● REQUIRED ACTION:
If pictures appear among the lines below, leave them out while you return exactly the lines from the one with "Library with French" through the one with "TEMBILAHAN (MR) - Wakil".

● SUPPLIED ENTRIES:
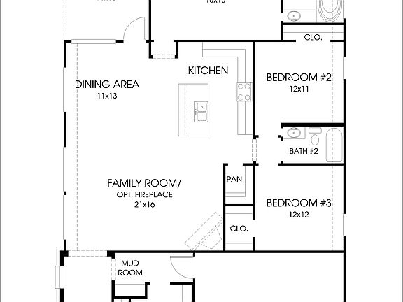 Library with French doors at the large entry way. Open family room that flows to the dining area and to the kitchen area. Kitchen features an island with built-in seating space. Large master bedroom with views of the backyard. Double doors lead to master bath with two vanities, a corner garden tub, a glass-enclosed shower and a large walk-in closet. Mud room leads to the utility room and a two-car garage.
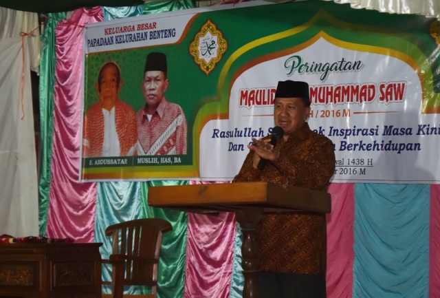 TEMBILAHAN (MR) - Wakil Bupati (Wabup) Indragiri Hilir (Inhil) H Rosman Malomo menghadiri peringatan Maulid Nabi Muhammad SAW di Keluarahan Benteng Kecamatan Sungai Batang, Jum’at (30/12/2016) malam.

* * *

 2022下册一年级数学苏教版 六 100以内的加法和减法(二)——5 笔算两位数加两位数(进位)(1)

● REPLY:
 Library with French doors at the large entry way. Open family room that flows to the dining area and to the kitchen area. Kitchen features an island with built-in seating space. Large master bedroom with views of the backyard. Double doors lead to master bath with two vanities, a corner garden tub, a glass-enclosed shower and a large walk-in closet. Mud room leads to the utility room and a two-car garage.
 TEMBILAHAN (MR) - Wakil Bupati (Wabup) Indragiri Hilir (Inhil) H Rosman Malomo menghadiri peringatan Maulid Nabi Muhammad SAW di Keluarahan Benteng Kecamatan Sungai Batang, Jum’at (30/12/2016) malam.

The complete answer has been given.